La tercera generación: los herederos

Cabe pensar que, más que de una maldición, se debería hablar de que, en una familia tan numerosa como la de los Kennedy, se multiplican las posibilidades de que la mala fortuna se ensañe con sus miembros. Aun así no hay que despreciar el hecho de que la tercera generación, compuesta por los 27 nietos de Joseph Patrick y Rose Kennedy, también ha sido proclive a los contratiempos. Una tercera generación que, a falta de la ambición de sus mayores, se ha movido en el más absoluto anonimato o sumida en una dolce vita en la que no han faltado los escándalos, el alcohol, las drogas o el sexo. Una compleja red no siempre encomiable que retrató Patrick Kennedy, el menor de los hijos de Ted, en su libro A Common Struggle (Una lucha común), en el que aborda abiertamente los episodios oscuros de su familia, más desunida de lo que pueda parecer a simple vista y en la que los escándalos se han tapado sistemáticamente con un velo de opacidad. Eso pasó cuando David Anthony Kennedy, el cuarto de los hijos de Robert, falleció en Palm Beach a causa de una sobredosis de cocaína el 25 de abril de 1984, o cuando Mary Richardson Kennedy, la exesposa de Robert F. Kennedy, Jr., se suicidó en 2012 después de años batallando con problemas de drogas y alcohol.

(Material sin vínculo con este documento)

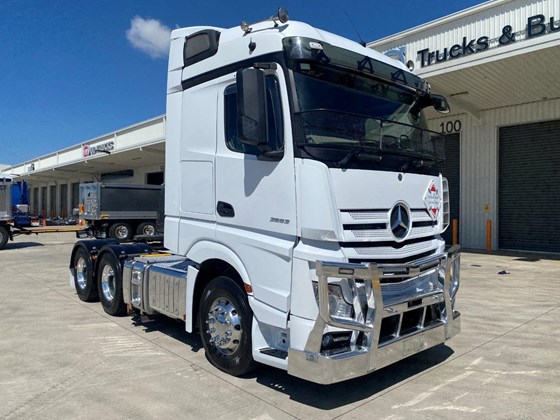 - 70,000kg GCM B-Double rated, Bullbar with LED lights, Jost fixed turntable, alloy rims, UHF, cruise control, cross locks/ diff locks
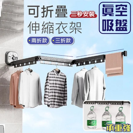 5分鐘前【不佔空間 晾衣神器】吸盤壁掛式鋁合金折疊晾衣架「免打孔 即吸即用」 - M【中長款 - 三段兩折】鋁合金壁掛式伸縮晾衣架 = NT$1299

Pero fue en julio de 1999 cuando el mundo se paró por unos instantes al conocer la noticia de que John Fitzgerald Kennedy Jr., John-John, su esposa Carolyn Bessette y su cuñada Lauren habían fallecido cuando su avión, un Piper Saratoga que él pilotaba, se estrelló en el océano Atlántico camino de Martha’s Vineyard. Pocos días antes, había anunciado su intención de entrar en la arena política como senador demócrata por Nueva York. Las teorías conspiratorias no tardaron en proliferar, pero lo cierto es que se le había avisado de que las inclemencias del tiempo no recomendaban el vuelo y él las ignoró. Como buen Kennedy y a pesar de los antecedentes familiares, se creía inmune. Pero para la imaginación popular su muerte no hizo sino confirmar que la presunta maldición de los Kennedy seguía viva.